Below this line is a listing that includes pictures. Copy exactly, and only, the lines from the one containing "Separate, voll ausgestattete" through the one containing "[Mall] UGREEN Powerbank"; the pictures do not go in the copy.

- MATERIAL PROVIDED -
<<<<

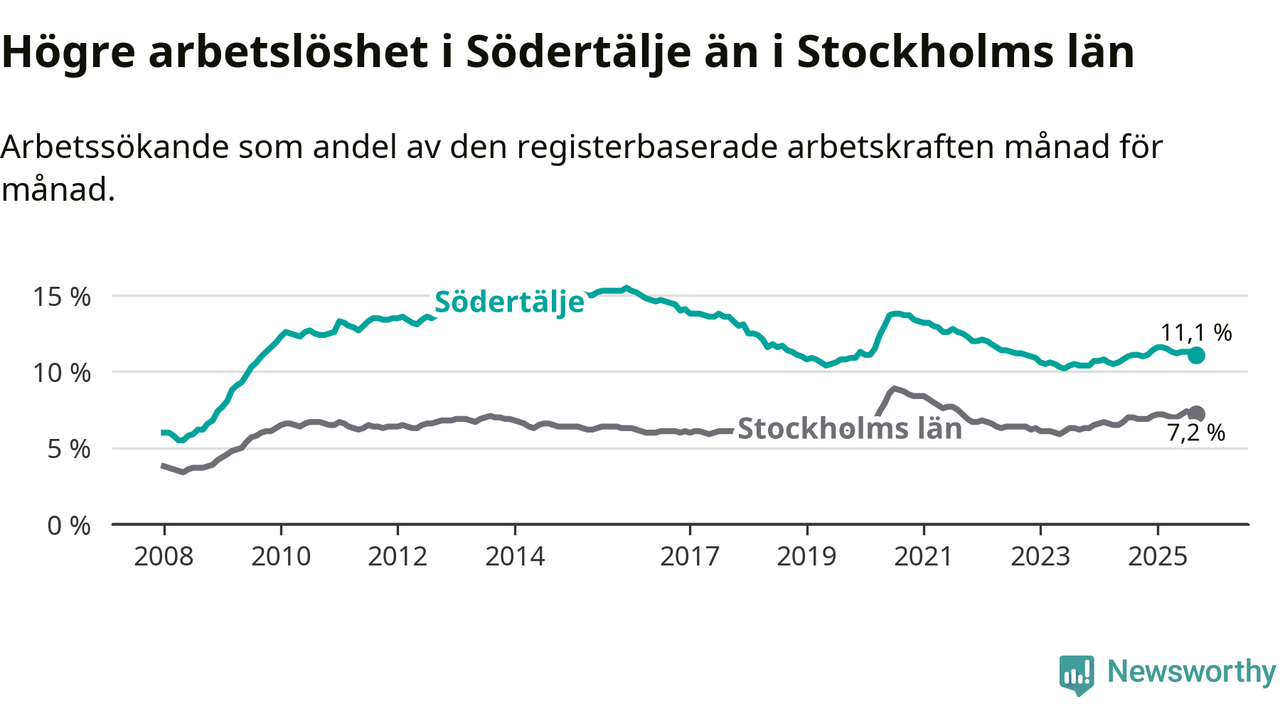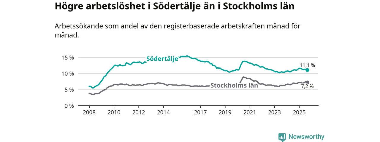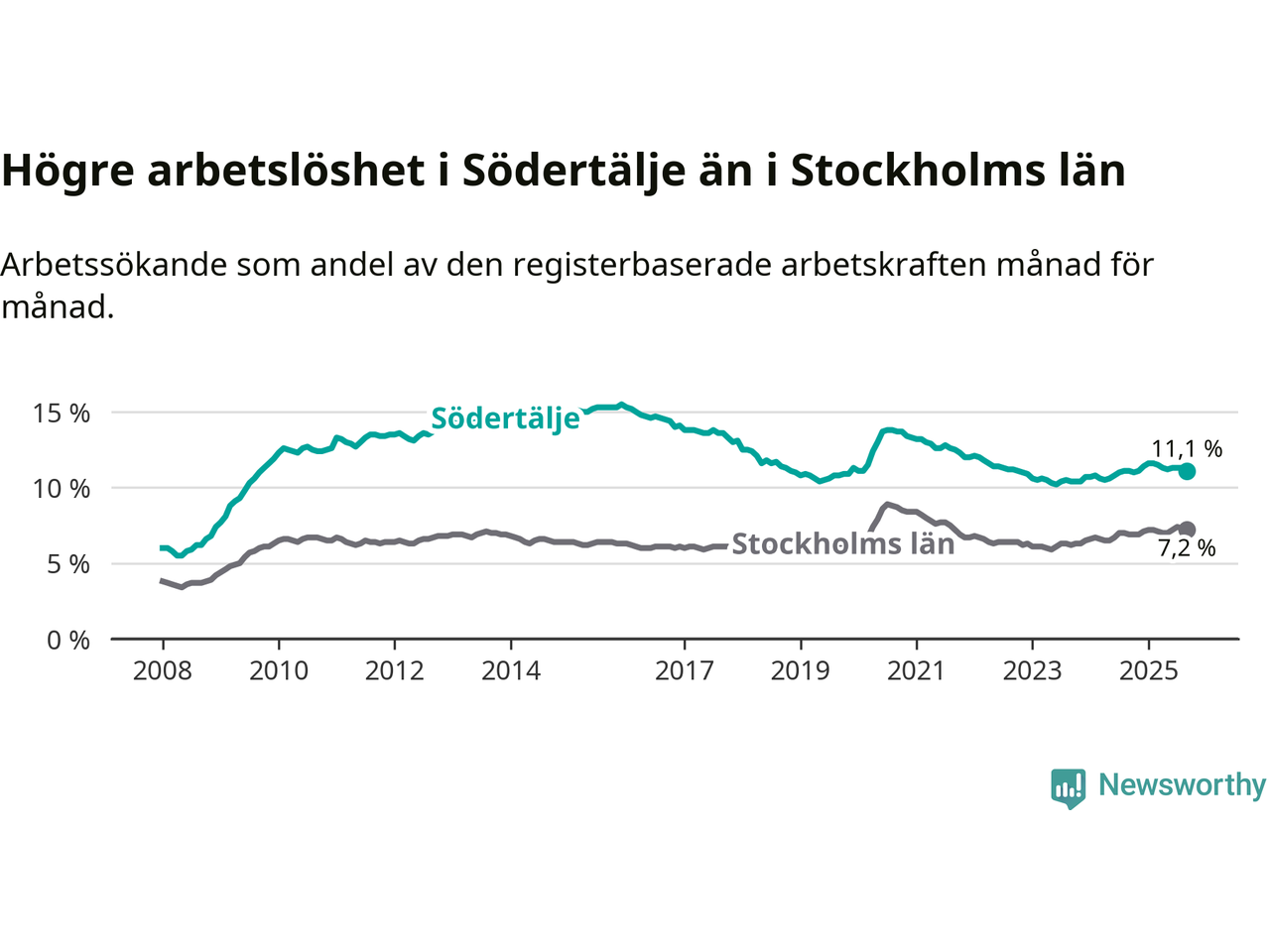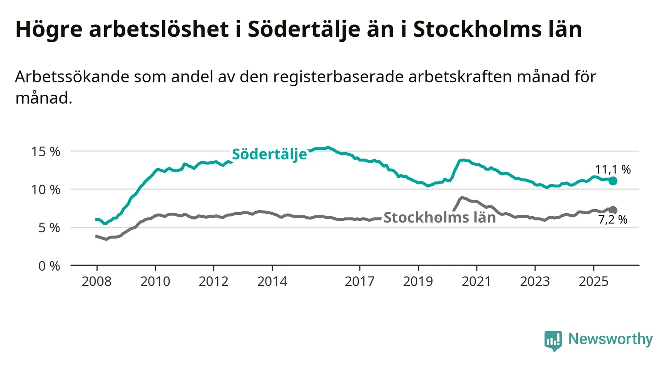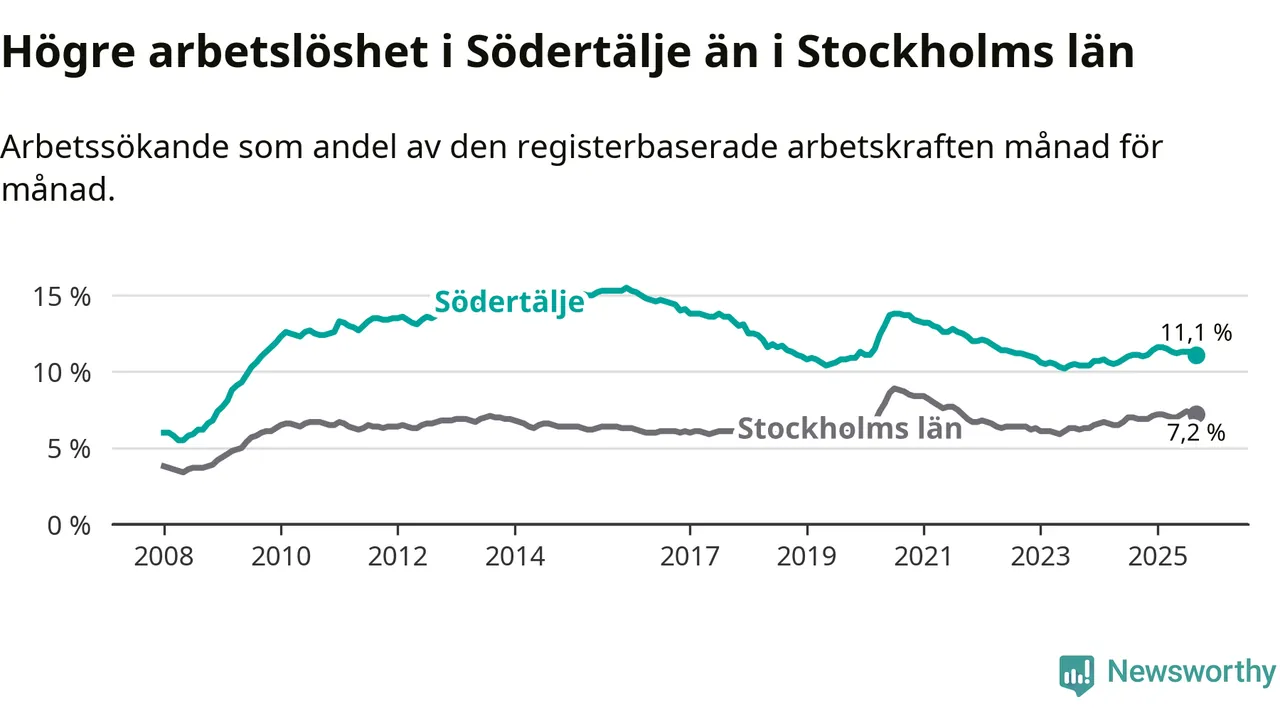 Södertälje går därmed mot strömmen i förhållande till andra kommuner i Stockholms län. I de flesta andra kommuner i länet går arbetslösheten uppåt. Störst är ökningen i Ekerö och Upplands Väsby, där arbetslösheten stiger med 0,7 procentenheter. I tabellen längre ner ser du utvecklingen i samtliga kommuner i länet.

>>>>
<<<<

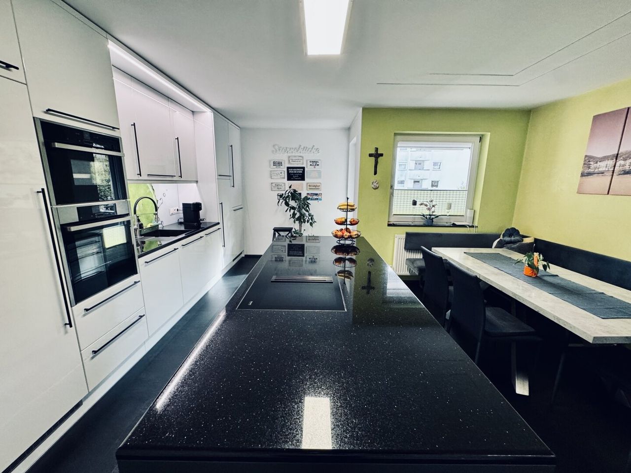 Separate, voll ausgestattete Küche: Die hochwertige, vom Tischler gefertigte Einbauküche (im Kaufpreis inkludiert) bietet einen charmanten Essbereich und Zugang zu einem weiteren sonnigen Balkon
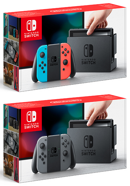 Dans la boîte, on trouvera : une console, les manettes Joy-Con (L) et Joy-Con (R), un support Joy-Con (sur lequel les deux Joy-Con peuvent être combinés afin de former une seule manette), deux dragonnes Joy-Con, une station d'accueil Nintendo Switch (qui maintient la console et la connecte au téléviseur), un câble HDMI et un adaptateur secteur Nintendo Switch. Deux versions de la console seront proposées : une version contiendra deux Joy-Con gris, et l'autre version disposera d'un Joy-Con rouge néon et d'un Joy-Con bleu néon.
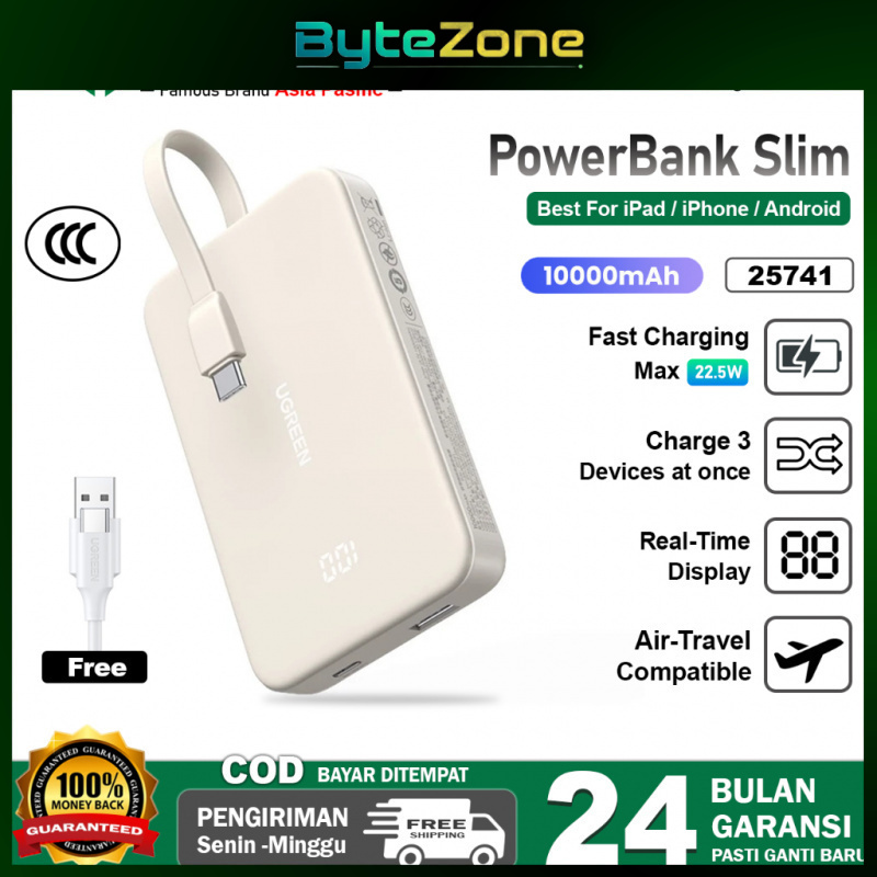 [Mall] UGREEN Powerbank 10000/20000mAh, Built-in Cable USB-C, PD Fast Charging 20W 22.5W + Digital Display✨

>>>>
<<<<

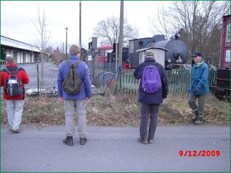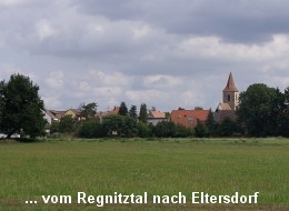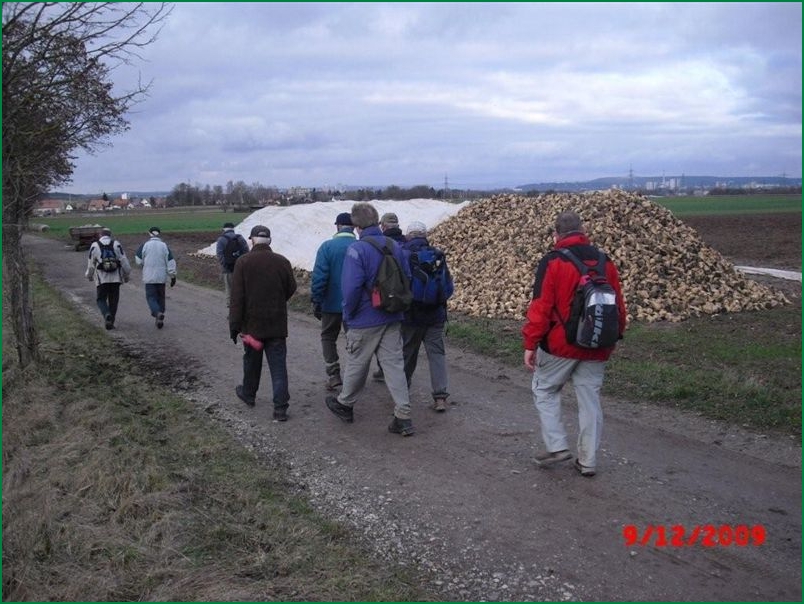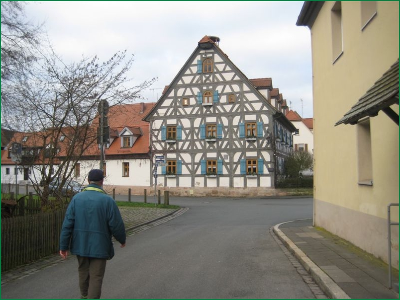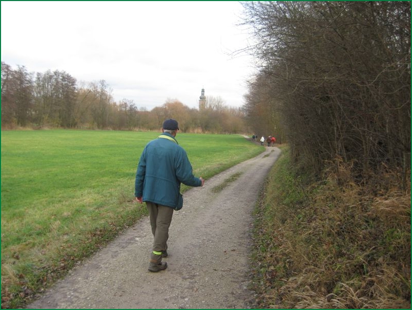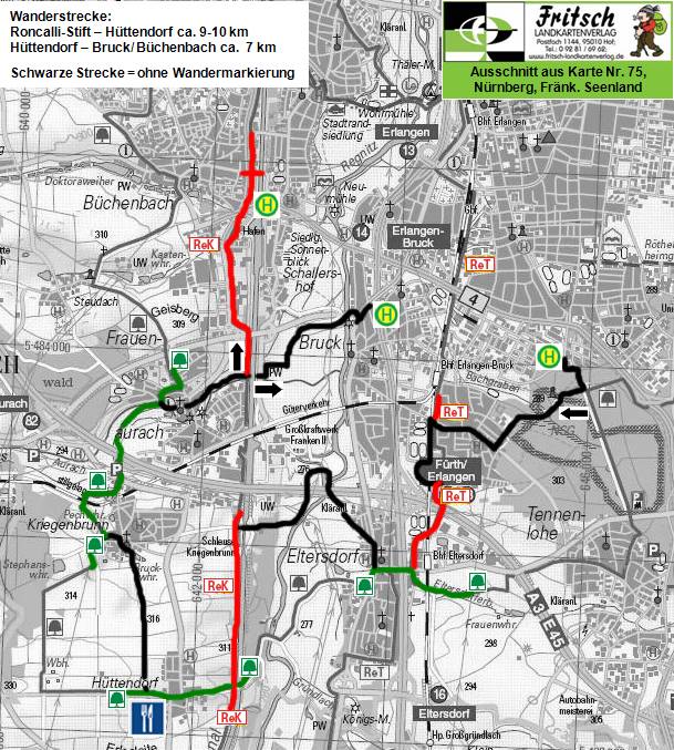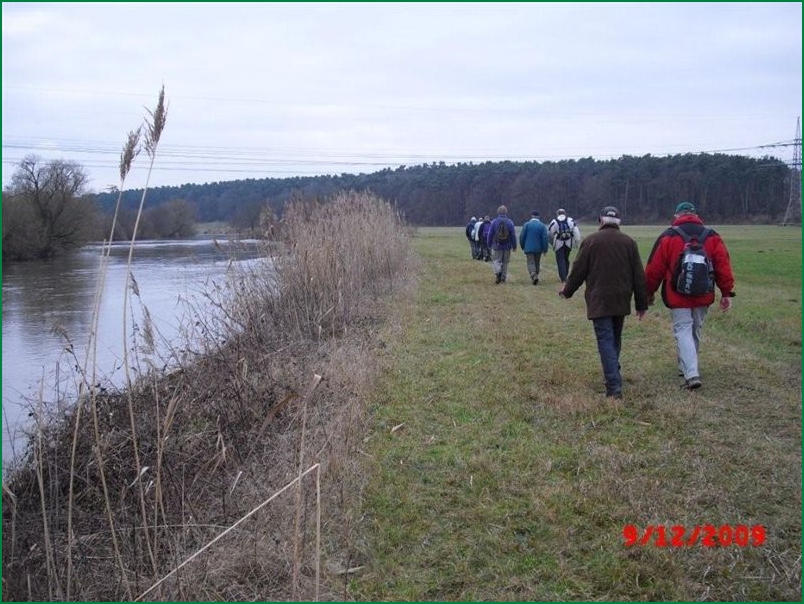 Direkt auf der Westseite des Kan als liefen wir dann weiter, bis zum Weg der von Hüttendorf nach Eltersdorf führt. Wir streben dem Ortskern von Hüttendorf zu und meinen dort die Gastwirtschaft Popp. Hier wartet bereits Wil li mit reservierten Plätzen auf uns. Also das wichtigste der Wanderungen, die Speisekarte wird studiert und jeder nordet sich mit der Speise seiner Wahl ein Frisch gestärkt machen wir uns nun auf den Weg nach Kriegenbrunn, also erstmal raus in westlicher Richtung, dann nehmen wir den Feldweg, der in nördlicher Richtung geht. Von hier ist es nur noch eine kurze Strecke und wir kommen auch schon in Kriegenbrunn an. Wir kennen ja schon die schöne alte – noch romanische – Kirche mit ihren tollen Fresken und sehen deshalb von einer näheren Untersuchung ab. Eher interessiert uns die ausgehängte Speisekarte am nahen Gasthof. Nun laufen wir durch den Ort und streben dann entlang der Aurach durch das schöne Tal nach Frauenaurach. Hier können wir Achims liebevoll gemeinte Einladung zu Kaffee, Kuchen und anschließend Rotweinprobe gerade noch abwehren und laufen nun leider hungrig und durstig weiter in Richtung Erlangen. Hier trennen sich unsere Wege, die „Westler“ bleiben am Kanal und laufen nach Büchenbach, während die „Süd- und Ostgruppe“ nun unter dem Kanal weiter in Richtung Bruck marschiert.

>>>>

- ANSWER BOX -
 Separate, voll ausgestattete Küche: Die hochwertige, vom Tischler gefertigte Einbauküche (im Kaufpreis inkludiert) bietet einen charmanten Essbereich und Zugang zu einem weiteren sonnigen Balkon
 Dans la boîte, on trouvera : une console, les manettes Joy-Con (L) et Joy-Con (R), un support Joy-Con (sur lequel les deux Joy-Con peuvent être combinés afin de former une seule manette), deux dragonnes Joy-Con, une station d'accueil Nintendo Switch (qui maintient la console et la connecte au téléviseur), un câble HDMI et un adaptateur secteur Nintendo Switch. Deux versions de la console seront proposées : une version contiendra deux Joy-Con gris, et l'autre version disposera d'un Joy-Con rouge néon et d'un Joy-Con bleu néon.
 [Mall] UGREEN Powerbank 10000/20000mAh, Built-in Cable USB-C, PD Fast Charging 20W 22.5W + Digital Display✨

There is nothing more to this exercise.